Department of Information Studies, University at Albany, State University of New York, Albany, NY, USA.
J Am Med Inform Assoc. 2010 Sep-Oct;17(5):514-8. doi: 10.1136/jamia.2010.003947.
The Third i2b2 Workshop on Natural Language Processing Challenges for Clinical Records focused on the identification of medications, their dosages, modes (routes) of administration, frequencies, durations, and reasons for administration in discharge summaries. This challenge is referred to as the medication challenge. For the medication challenge, i2b2 released detailed annotation guidelines along with a set of annotated discharge summaries. Twenty teams representing 23 organizations and nine countries participated in the medication challenge. The teams produced rule-based, machine learning, and hybrid systems targeted to the task. Although rule-based systems dominated the top 10, the best performing system was a hybrid. Of all medication-related fields, durations and reasons were the most difficult for all systems to detect. While medications themselves were identified with better than 0.75 F-measure by all of the top 10 systems, the best F-measure for durations and reasons were 0.525 and 0.459, respectively. State-of-the-art natural language processing systems go a long way toward extracting medication names, dosages, modes, and frequencies. However, they are limited in recognizing duration and reason fields and would benefit from future research.
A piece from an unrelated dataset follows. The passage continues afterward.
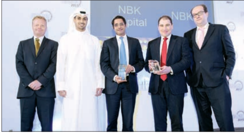
فريق عمل الشركة خلال تسلم الجائزة

الاستثمارية المصرفية. وتجدر الإشارة إلى أن شركة الوطني للاستثمار التي تعتبر من أهم البنوك الاستثمارية الرائدة على المستوى الإقليمي، بمكانتها التي تتوزع في كل من الكويت، دبي، اسطنبول، والقاهرة كانت قد تأسست في عام 2005 كشركة تابعة ومملوكة بالكامل من قبل بنك الكويت الوطني، أكبر بنك في الكويت والبنك الأعلى تصنيفاً في الشرق الأوسط، وتحرس شركة الوطني للاستثمار على تطوير وتقديم أفضل وارفى والخدمات والمنتجات الاستثمارية لعملائها والمستثمرين على حد سواء وقد نجحت الشركة بفضل فريق عملها الذي يضم أكثر من 170 من المصرفيين المحترفين والمتخصصين في تعزيز مكانتها بصورة مميزة وتقديم باقة متكاملة من الخدمات والحلول المالية، لاسيما في مجال إدارة الأصول، الاستثمارات البديلة، الخدمات المصرفية الاستثمارية والوساطة والبحوث.

第三届 i2b2 自然语言处理临床记录挑战研讨会重点关注从出院小结中识别药物、剂量、给药途径、频率、持续时间和给药原因。这一挑战被称为药物挑战。针对药物挑战,i2b2 发布了详细的标注指南以及一组标注的出院小结。20 支代表 23 个组织和 9 个国家的团队参与了药物挑战。这些团队开发了针对该任务的基于规则、机器学习和混合系统。虽然基于规则的系统在前十名中占据主导地位,但表现最好的系统是混合系统。在所有与药物相关的字段中,持续时间和原因是所有系统最难检测的。虽然所有前 10 名系统对药物的识别准确率都超过了 0.75 的 F 值,但持续时间和原因的最佳 F 值分别为 0.525 和 0.459。最先进的自然语言处理系统在提取药物名称、剂量、途径和频率方面取得了很大进展。然而,它们在识别持续时间和原因字段方面存在局限性,未来的研究将从中受益。